France won’t ban Huawei, but will encourage 5G telecoms companies to avoid it: report


PARIS (Reuters) – The head of French cybersecurity agency ANSSI said there would be no outright ban on the use of Huawei equipment in the deployment of the French 5G telecommunications network, but that he was pressuring French telecommunications companies to avoid switching to the Chinese company. .

FILE PHOTO: The Huawei logo appears at the IFA consumer technology fair in Berlin, Germany on September 6, 2019. REUTERS / Hannibal Hanschke / File Photo

“What I can say is that there will not be a total ban,” Guillaume Poupard told Les Echos newspaper in an interview. “(But) for operators that are not currently using Huawei, we are urging them not to.”

The United States government has urged its allies to exclude the Chinese telecommunications giant from the next-generation communications from the West, saying that Beijing could use it to spy. Huawei has denied the charges.

Sources told Reuters in March that France would not ban Huawei, but would instead try to keep Huawei off the main mobile network, which carries increased surveillance risks because it processes confidential information such as customers’ personal data.

France’s decision on Huawei’s equipment is crucial for two of the country’s four telecommunications operators, Bouygues Telecom and SFR, as approximately half of its current mobile network is made by the Chinese group.

“For those who are already using Huawei, we are issuing authorizations for durations ranging from three to eight years,” Poupard said in the interview.
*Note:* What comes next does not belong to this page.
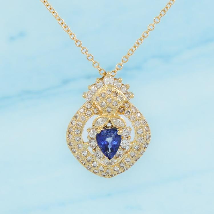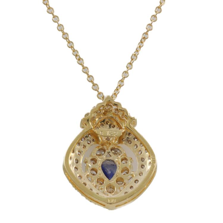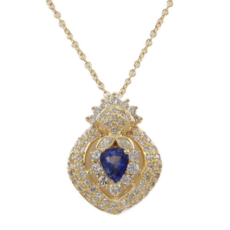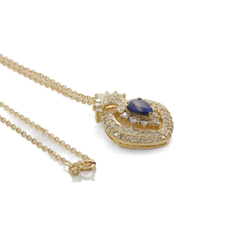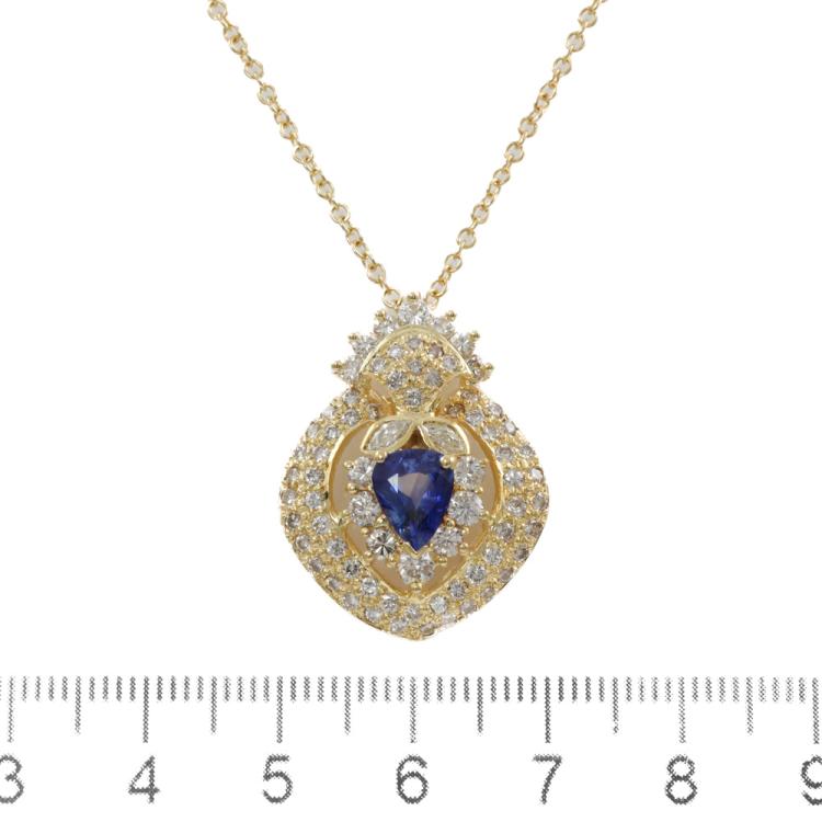 Sapphire and Diamond pendant with pear shape Natural blue Sapphire of 1.22ct and round & marquise cut Natural Diamonds totalling 1.71ct (Estimated Grading: I-K SI). 18ct yellow gold with 18ct gold 45cm chain. Weight: 8.8g. (Pre-owned)

State-controlled Orange has already chosen Huawei’s European rivals such as Nokia and Ericsson.

Poupard said that starting next week, operators who have not received explicit authorization to use Huawei equipment for the 5G network may consider a non-response after the legal deadline as a rejection of their requests.

Poupard said the decision was made to protect France’s independence, and not as an act of hostility towards China.

“This is not the Huawei attack or anti-Chinese racism,” said Poupard. “All we are saying is that the risk is not the same with European suppliers as it is with non-European suppliers.”